We dined on smoked salmon for lunch and got some wine for
dinner. I decided to send Peanut off with a bang! Despite not drinking for 2
months, I still managed to polish off a bottle of wine with no difficulties.
Tuesday
I tried to keep myself busy but I was exhausted as I woke up
at 4am and couldn’t go back to sleep. I went to the shops with my Mother but
felt overwhelmed so had to leave quickly to get home. The tears were coming in
random moments in random places but for some reason, almost always in the car!
Eventually it was time to go to the hospital. I kissed my
husband good bye and quickly left as the tears began to well up. I waited in
this sterile room reading the paper. I was looking for anything to distract me
so even read a 5 year old Readers Digest that was falling apart.
I was finally the last person sitting in the waiting room
and was called in. The nurse looked over the paperwork and said “How many
babies do you have?” I replied none. “That’s
really sad,” she said. I wondered why people kept stating the bleeding obvious.
I just smiled. As we were wrapping up,
she said they had another patient come in from the ward and I would be pushed
back. But she let me go into the other waiting room with the comfy chairs.
I was placed in the recovery room, outside the kitchen. So for
the next few hours I saw sandwiches and drinks come and go to people coming out
of their operations. I hadn’t eaten or had anything to drink in about 7 hours
at this stage. It was killing me.
I was thinking it must surely be my time when the nurse sat
down next to me. But no, the doctor had had to do an emergency caesarean and I
would be another hour. A rather cruel twist of fate to think the operation to
remove my baby was being held up by a woman having a baby. I chose to let that
thought go.
Finally, after waiting nearly 4 hours, they took me through.
There was another caesarean coming so they wanted to push me through before
that would hold me up again. I was wheeled into a room and had my blood
pressure taken. The doctor came in and put the drip in. The anaesthetist came
in and explained everything to me. The nurse came in, looked at my paperwork
and told me how sorry she was. Everyone was sorry but I was just sorry I had been sitting here for
so long and just wanted it over and done with.
I was pushed into the operating room and had a variety of
medicines pushed into my blood system. I had a mask put over my face and was
told to suck in the gas. I had a moment of panic that they would start
operating on me without me being under so I made sure I kept my eyes open. I
must have passed out sometime soon after.

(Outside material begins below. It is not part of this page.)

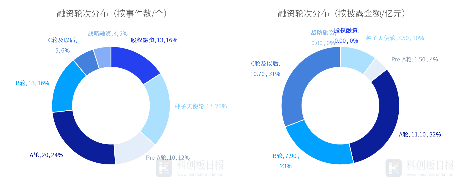 从投资轮次来看,除股权融资外,本周A轮融资事件数最多,发生20起,占比约24%;其次是种子天使轮,发生17起,占比约21%。从各轮次获投金额来看,A轮披露的融资总额最高,约11.10亿元;其次是C轮及以后,约10.70亿元。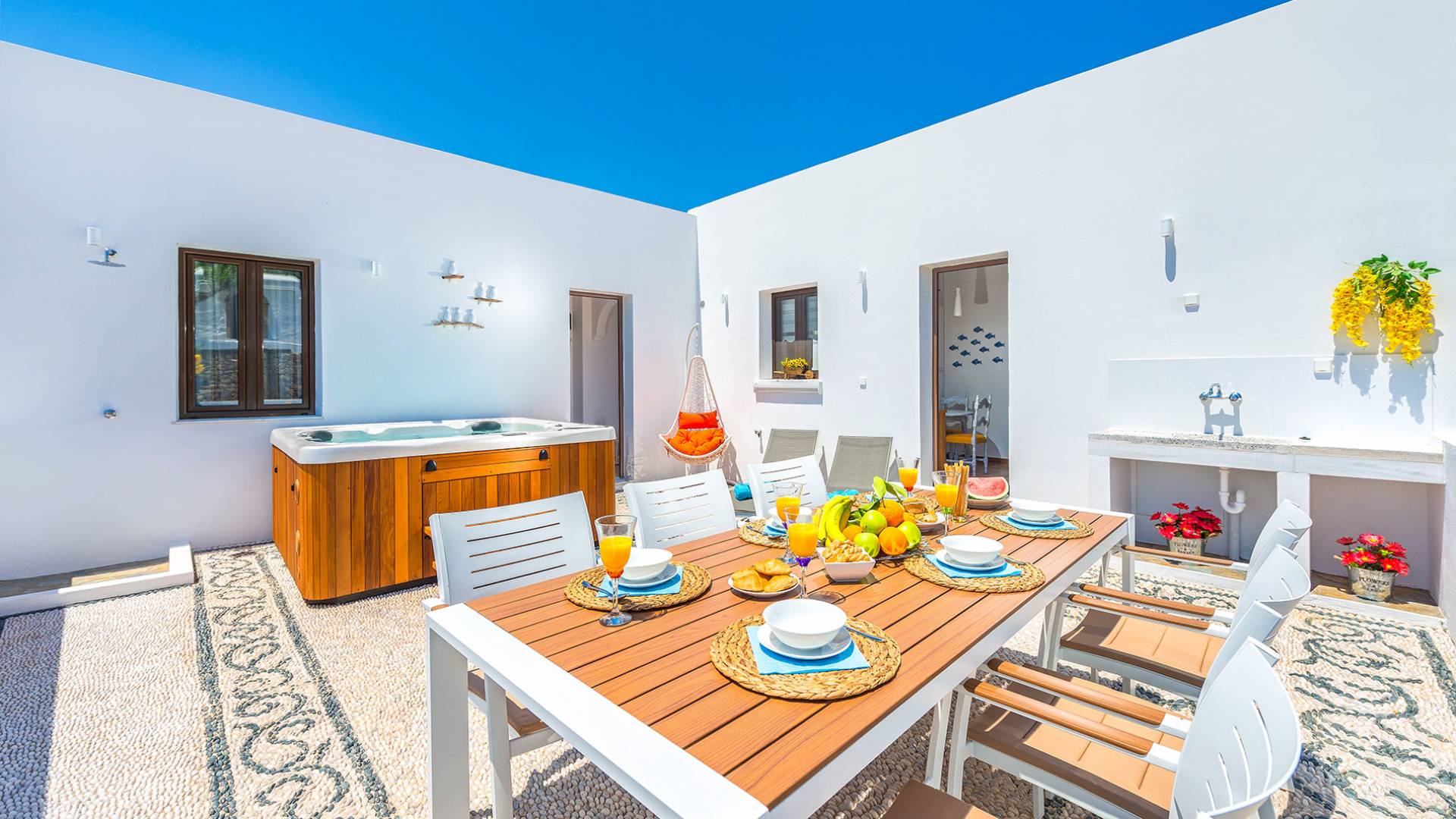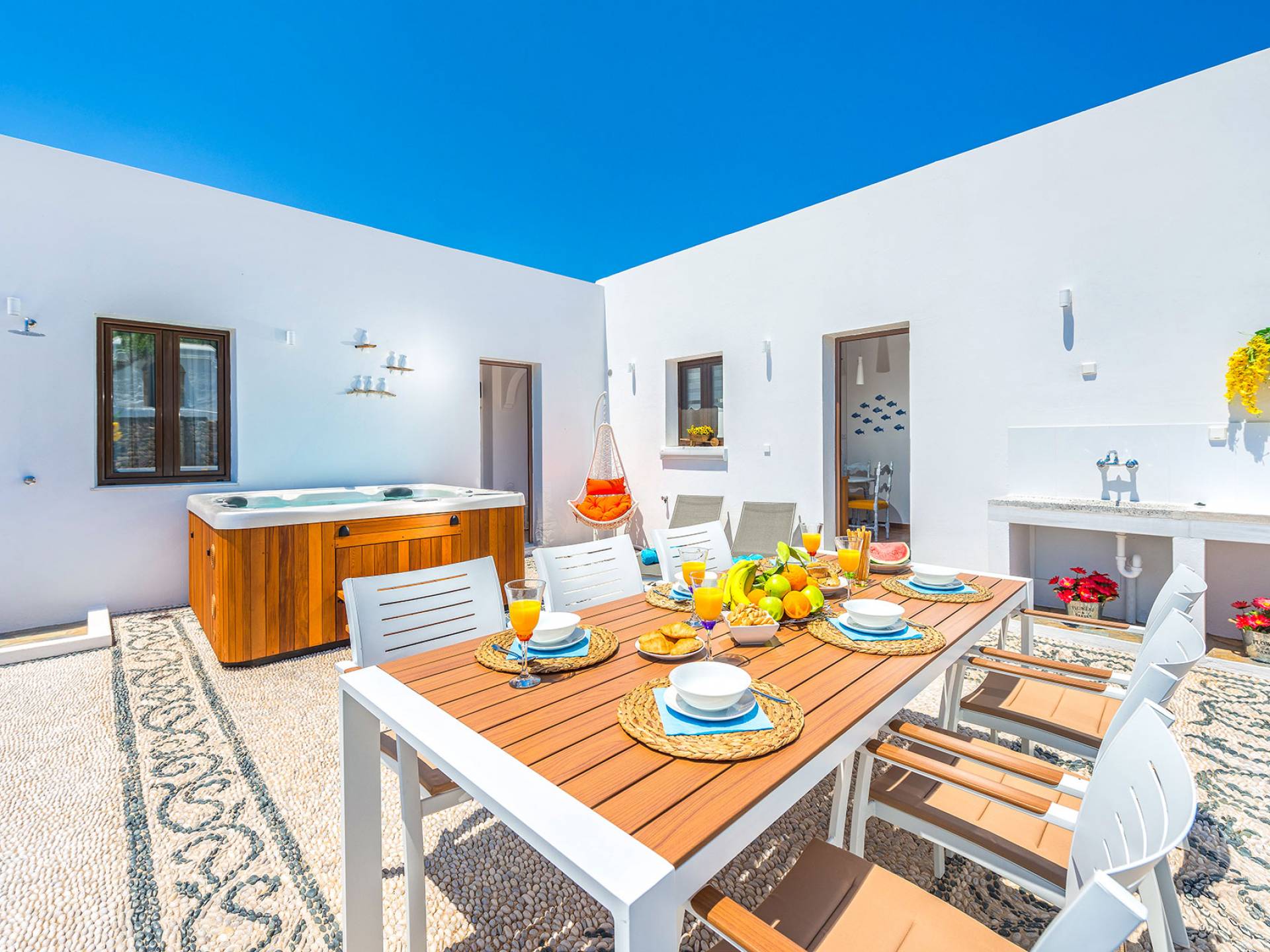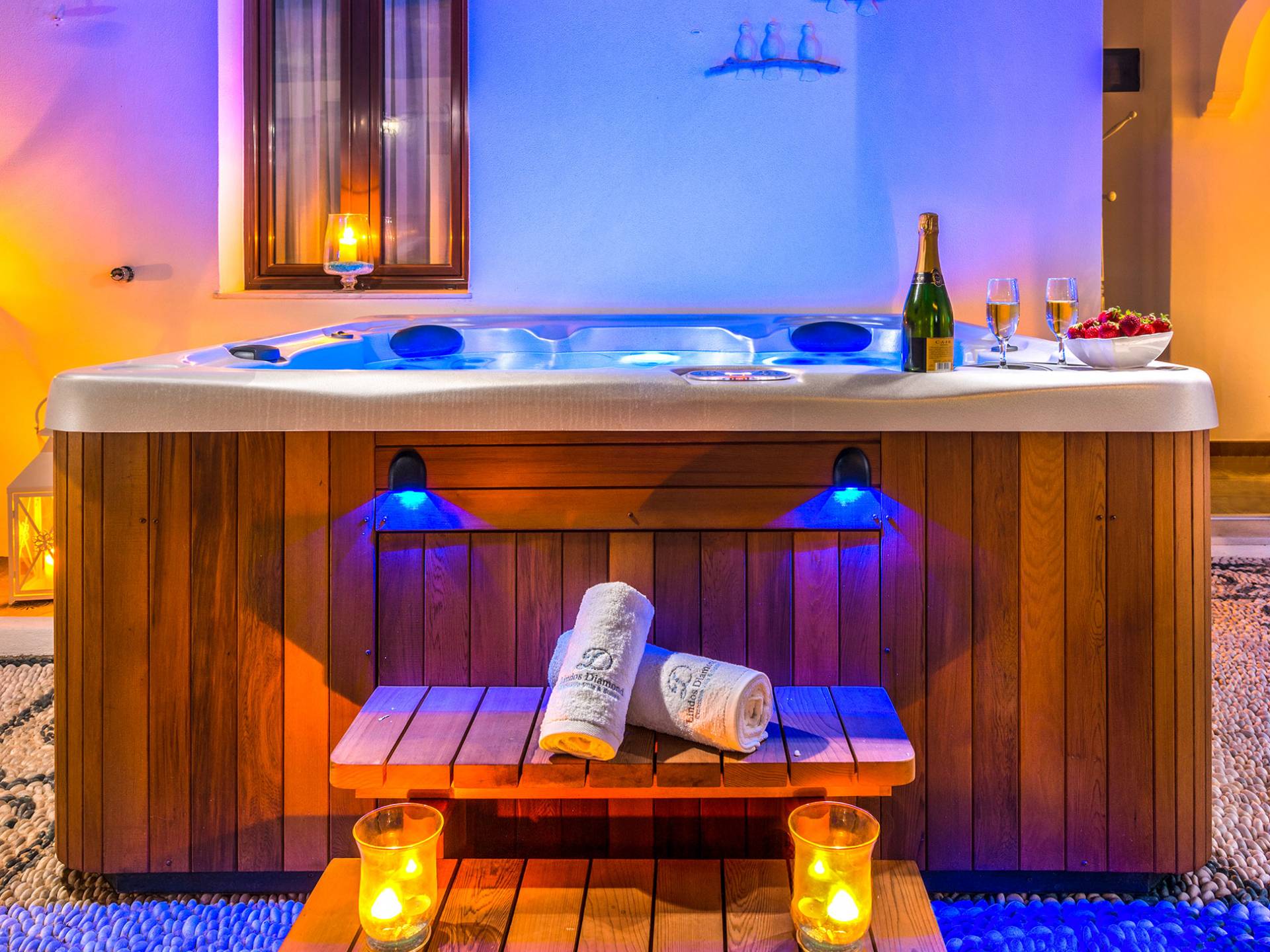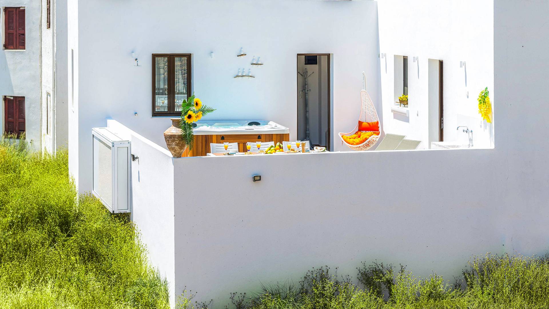 Прямо за этим окном вы можете найти большой, самый уединенный и в то же время самый спокойный солнечный двор под открытым небом с большой открытой гидромассажной ванной, а также отдохнуть на шезлонгах или пообедать на открытом воздухе рядом с древним амфитеатром Линдоса, с великолепный вид на популярную скалу Акрополя Линдоса и рядом с площадью Святого Стефана! Ночью приглушенный свет дает вам романтическую и в то же время очень умиротворяющую атмосферу расслабления и спокойствия у гидромассажной ванны и под чудесным Акрополем Линдоса.

I woke up in recovery 45 minutes later. I had some pain and
they put a heated blanket on my stomach and gave me a panadol drip. They kept
asking me what my pain level was and I kept telling them it was nothing
compared to my hunger pains. At this stage, it was nearly 5pm and I hadn’t
eaten in 10 hours. All I wanted was the bad sandwiches I knew were waiting for
me around the corner.
Thirty minutes later I was told I could get dressed. I had
some bleeding and had to wear a pad. I was also given some wet wipes to wipe
the orange goop off my thighs they must have rubbed on before they operated. I
was then put into a wheel chair and taken to the food.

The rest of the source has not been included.